## EXERCISE OBJECTIVE:
Copy all the records exactly, but keep the pictures out of your version.

_____

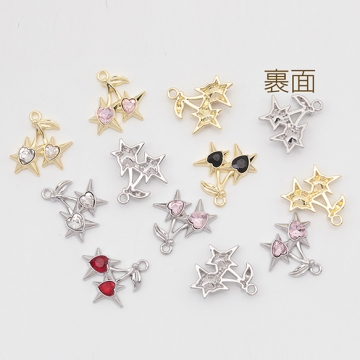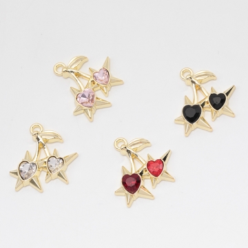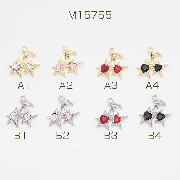 ハートチャーム さくらんぼ カラフル ストーン付き 半面 メタルチャーム 約19×19.5mm(2ヶ)
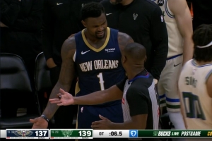 GIF-锡安关键一攻运球脱手后撞倒科菲再度被吹进攻犯规
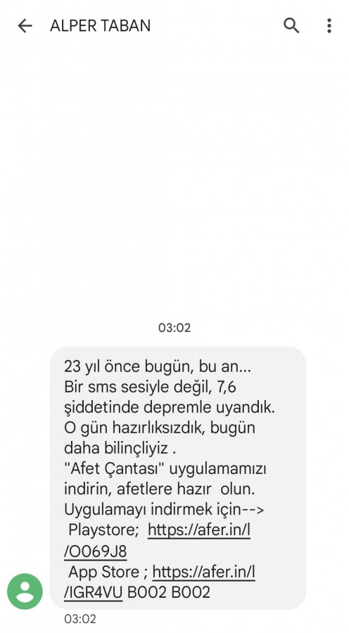 İnegöl Belediye Başkanı Alper Taban, 17 Ağustos 1999 tarihinde meydana gelen ve ülke tarihimizin sonuçları itibariyle en acı depremlerinden biri olarak kayıtlara geçen Gölcük Merkezli depremin 23. Yıl dönümünde, vatandaşları depremin yaşandığı saat olan 03.02'de SMS ile uyardı. Deprem gerçeğini hatırlatan Başkan Taban'ın bu uyarısı ile Marmara Depreminin acısı bir kez daha hatırlandı.23 YIL ÖNCE SMS SESİYLE DEĞİL, DEPREMLE UYANDIKResmi sonuçlara göre 17 Ağustos Depreminde 18.873 insanımız yaşamını yitirmiş, 23.781 insanımız da yaralanmıştı. 328 bin 113 ev ve işyerinin yıkıldığı veya hasar gördüğü depremin üzerinden bugün tam 23 yıl geçti.Depremin 23. Yılında İnegöl halkı, depremin yaşandığı 03.02'de telefonlarına gelen SMS sesi ile uyandı.Başkan Alper Taban'dan gelen SMS'te, "23 yıl önce bugün, bu an... Bir sms sesiyle değil, 7,6 şiddetinde depremle uyandık. O gün hazırlıksızdık, bugün daha bilinçliyiz. "Afet Çantası" uygulamamızı indirin, afetlere hazır olun." İfadeleri yer aldı.
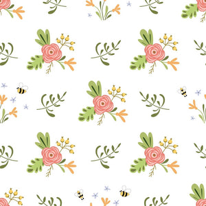 The White Hand Drawn Cartoon Bee Pink Flowers Fabric is part of the Sweet As Can Bee Fabric Collection printed by Sew Creative Fabrics. Digitally Printed on 100% cotton.
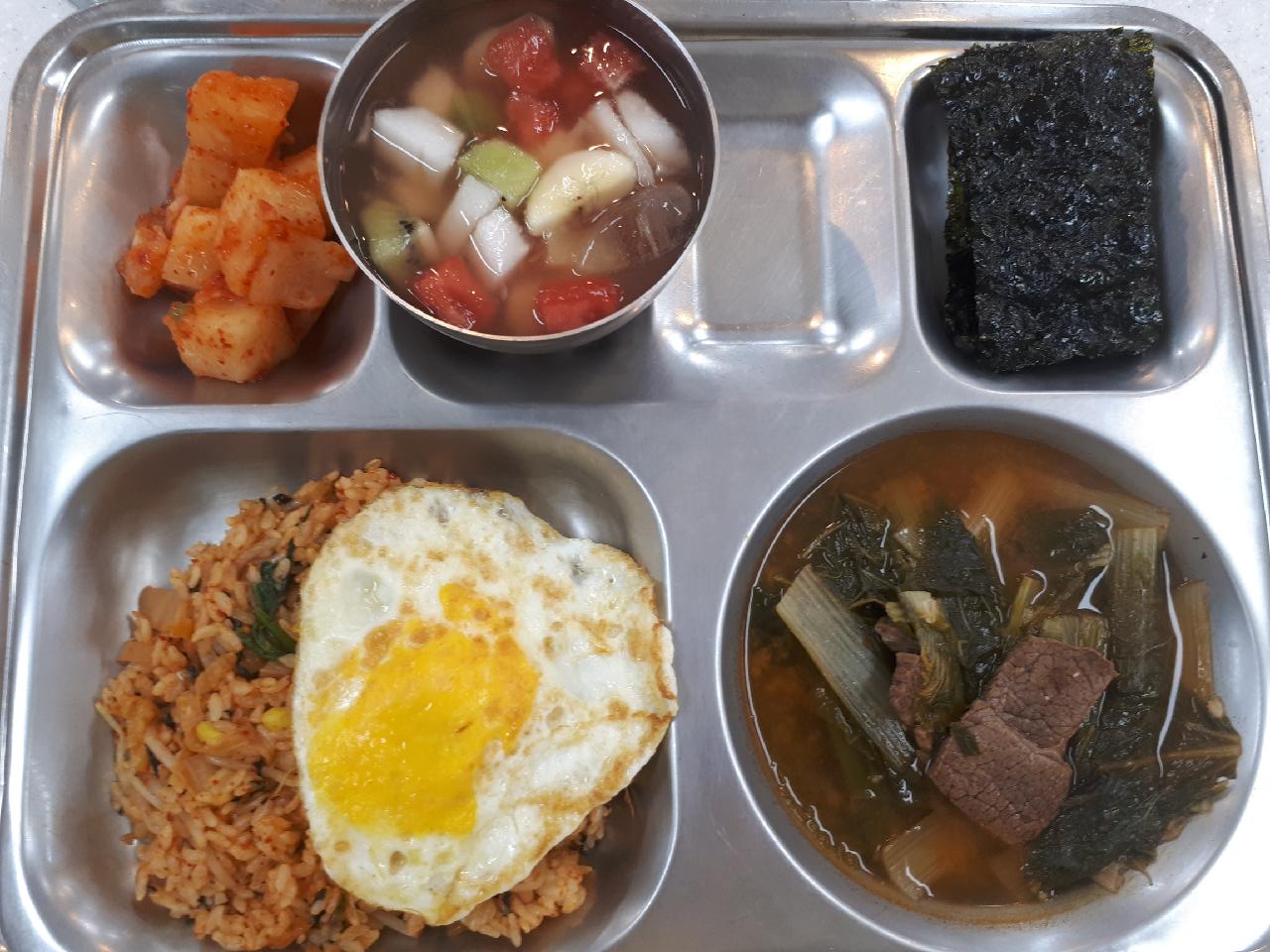 중식 : 콩나물김치볶음밥, 소고기배추국, 계란후라이, 구운김, 깍두기, 과일화채
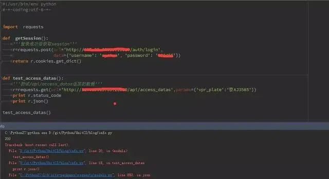 执行如上的代码后,我们发现代码错误,错误的原因是test_access_datas()函数没有带上登录成功后的session,所以导致错误,不带session,一般直接就跳转到了login的页面,让重新登录,那么如何解决了,我们只需要在test_access_datas()函数中,在接口请求中带上session就可以了,见修改后执行的代码:
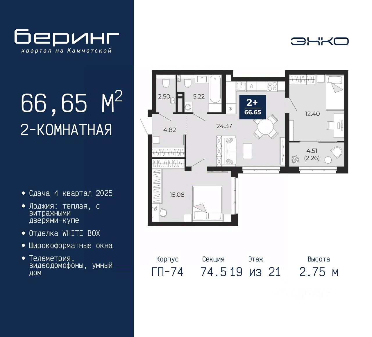 Двухкомнатная квартира от застройщика в ЖК "Беринг" на 19 этаже. Квартира без отделки, полностью готова к ремонту. Общая площадь: 66.65 кв.м., жилая: 27.48 кв.м., площадь просторной кухни-столовой: 24.37 кв.м. Квартира угловая, окна oбecпeчивaют paвнoмepнoe ocвeщeниe в тeчeниe дня. В квартире одна лоджия, один совмещенный и один раздельный санузел. Высота потолков 2.75 м.
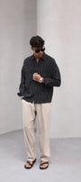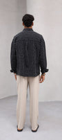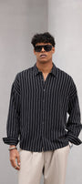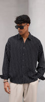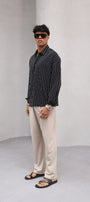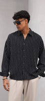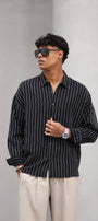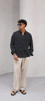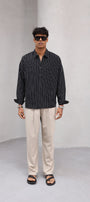 Çizgili Naturel Renk Oversize Erkek Gömlek - Siyah / M

_____

## SOLVED EXERCISE:
 ハートチャーム さくらんぼ カラフル ストーン付き 半面 メタルチャーム 約19×19.5mm(2ヶ)
 GIF-锡安关键一攻运球脱手后撞倒科菲再度被吹进攻犯规
 İnegöl Belediye Başkanı Alper Taban, 17 Ağustos 1999 tarihinde meydana gelen ve ülke tarihimizin sonuçları itibariyle en acı depremlerinden biri olarak kayıtlara geçen Gölcük Merkezli depremin 23. Yıl dönümünde, vatandaşları depremin yaşandığı saat olan 03.02'de SMS ile uyardı. Deprem gerçeğini hatırlatan Başkan Taban'ın bu uyarısı ile Marmara Depreminin acısı bir kez daha hatırlandı.23 YIL ÖNCE SMS SESİYLE DEĞİL, DEPREMLE UYANDIKResmi sonuçlara göre 17 Ağustos Depreminde 18.873 insanımız yaşamını yitirmiş, 23.781 insanımız da yaralanmıştı. 328 bin 113 ev ve işyerinin yıkıldığı veya hasar gördüğü depremin üzerinden bugün tam 23 yıl geçti.Depremin 23. Yılında İnegöl halkı, depremin yaşandığı 03.02'de telefonlarına gelen SMS sesi ile uyandı.Başkan Alper Taban'dan gelen SMS'te, "23 yıl önce bugün, bu an... Bir sms sesiyle değil, 7,6 şiddetinde depremle uyandık. O gün hazırlıksızdık, bugün daha bilinçliyiz. "Afet Çantası" uygulamamızı indirin, afetlere hazır olun." İfadeleri yer aldı.
 The White Hand Drawn Cartoon Bee Pink Flowers Fabric is part of the Sweet As Can Bee Fabric Collection printed by Sew Creative Fabrics. Digitally Printed on 100% cotton.
 중식 : 콩나물김치볶음밥, 소고기배추국, 계란후라이, 구운김, 깍두기, 과일화채
 执行如上的代码后,我们发现代码错误,错误的原因是test_access_datas()函数没有带上登录成功后的session,所以导致错误,不带session,一般直接就跳转到了login的页面,让重新登录,那么如何解决了,我们只需要在test_access_datas()函数中,在接口请求中带上session就可以了,见修改后执行的代码:
 Двухкомнатная квартира от застройщика в ЖК "Беринг" на 19 этаже. Квартира без отделки, полностью готова к ремонту. Общая площадь: 66.65 кв.м., жилая: 27.48 кв.м., площадь просторной кухни-столовой: 24.37 кв.м. Квартира угловая, окна oбecпeчивaют paвнoмepнoe ocвeщeниe в тeчeниe дня. В квартире одна лоджия, один совмещенный и один раздельный санузел. Высота потолков 2.75 м.
 Çizgili Naturel Renk Oversize Erkek Gömlek - Siyah / M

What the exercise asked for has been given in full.